Awards and recognition
Professor Wilfred Jefferies becomes the first Canadian immunologist to be elected as a Fellow of the National Academy of Inventors
Professor Wilfred Jefferies’ innovative strategies and outstanding inventions that enable cancer immunotherapies and vaccines have been recognized as it was announced that he has been elected as a Fellow of the National Academy of Inventors (NAI). Election as a Fellow of the NAI is the highest professional distinction accorded solely to eminent academic inventors.
Professor Jefferies will be joining a prestigious group of only 13 academic inventors in Canada to be elected as Fellows of the NAI and the first Canadian immunologist to be inducted.
“It is a great honour to be elected as a Fellow of the NAI and to represent Canadian research in immunology and cancer. I would sincerely like to acknowledge my former and current colleagues for their hard work and dedication,” says Professor Jefferies, who is being recognised for his seminal discoveries on mechanisms underpinning cancer immune surveillance, and immune-editing by T lymphocytes, as well as dendritic cell cross-priming that triggers immune responses.

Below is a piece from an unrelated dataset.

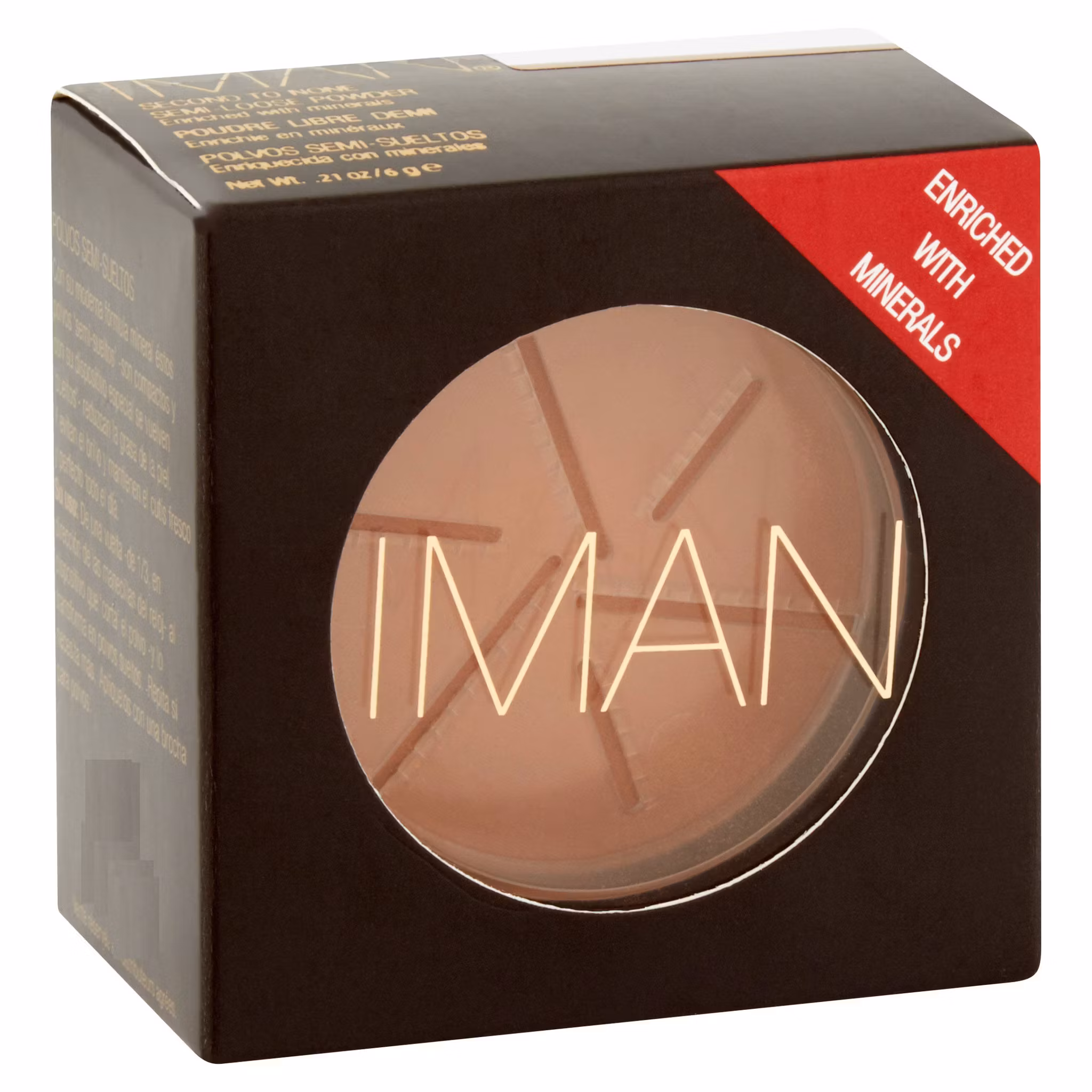 IMAN Second To None Semi-Loose Powder är ett unikt mineral-infuserat, genomskinligt och halvskinligt sminkpulver.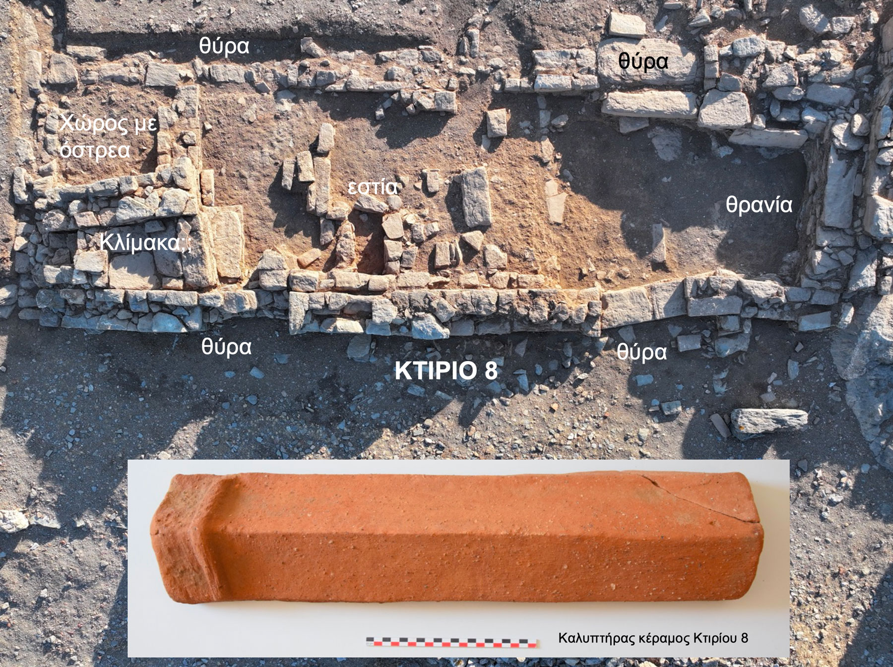 Το τελευταίο κτίριο που ερευνήθηκε φέτος (Κτίριο 8) καταλαμβάνει το βόρειο άκρο του πλατώματος (εικ. 14). Έχει συνολικό μήκος 11 μ. και πλάτος 3,60 μ. Τόσο στον ανατολικό όσο και στον δυτικό επιμήκη τοίχο υπάρχουν από δύο αντωπές θύρες. Συνεπώς έχουμε ένα οικοδόμημα που δίνει την εντύπωση ενός προπύλου. Στο νότιο τμήμα του κτιρίου, καθώς και στο μεσοδιάστημα ανάμεσα στις δυο θύρες του δυτικού τοίχου, αποκαλύφθηκε στενό λίθινο θρανίο. Σε επαφή με το τελευταίο, πλησιέστερα προς τη βόρεια θύρα, αποκαλύφθηκε ορθογώνια εστία που πλαισιώνεται από κατακόρυφα τοποθετημένους λίθους. Η περιοχή ήταν διάσπαρτη με στάχτες και πλήθος οστών ζώων, τα περισσότερα καμένα. Η διαμόρφωση του βορείου άκρου του οικοδομήματος δεν είναι ξεκάθαρη. Στη ΒΑ γωνία ο ορθογώνιος χώρος απέδωσε πληθώρα οστρέων, κυρίως πατελίδες. Στη ΒΔ γωνία υπάρχει τραπεζιόσχημη κτιστή κατασκευή που ίσως σχετίζεται με κάποιο κλιμακοστάσιο που οδηγούσε σε όροφο. Να σημειωθεί ότι το νότιο μισό του κτιρίου καλυπτόταν από εκτεταμένο στρώμα κεράμων κορινθιακού τύπου, σε αντίθεση με το κεντρικό και το βόρειο τμήμα όπου οι κέραμοι απουσίαζαν. Και αυτό το κτίριο παρουσιάζει διαφορετικές φάσεις χρήσης.

Born in North Vancouver, British Columbia, Canada, Professor Jefferies graduated from the University of Victoria and then enrolled at the University of Oxford in the United Kingdom to study at the Sir William Dunn School of Pathology, where he obtained his Doctor of Philosophy, focused on Molecular Immunology. He subsequently completed his post-doctoral research at the Institut Suisse de Recherche Expérimentale sur le Cancer in the École polytechnique fédérale de Lausanne (EPFL) in Switzerland and later conducted research at the Ludwig Institute for Cancer Research (LICR) in the Karolinska Institute in Stockholm, Sweden. In 1989, the late Nobel Laureate, Dr. Michael Smith, recruited Professor Jefferies to the University of British Columbia where he is currently a Principal Investigator of the Michael Smith Laboratories. Professor Jefferies is also the Head of Immune Oncology at the Vancouver Prostate Centre at Vancouver General Hospital.
The NAI Fellows Program elects academic scholars and inventors in any discipline who have demonstrated exceptional innovation in creating or facilitating outstanding inventions that have made a tangible impact on quality of life, economic development and the welfare of society. The NAI is a member organization currently comprising approximately of 700 individual elected Fellows from more than 250 institutions worldwide. The complete list of current NAI Fellows is available on the NAI website.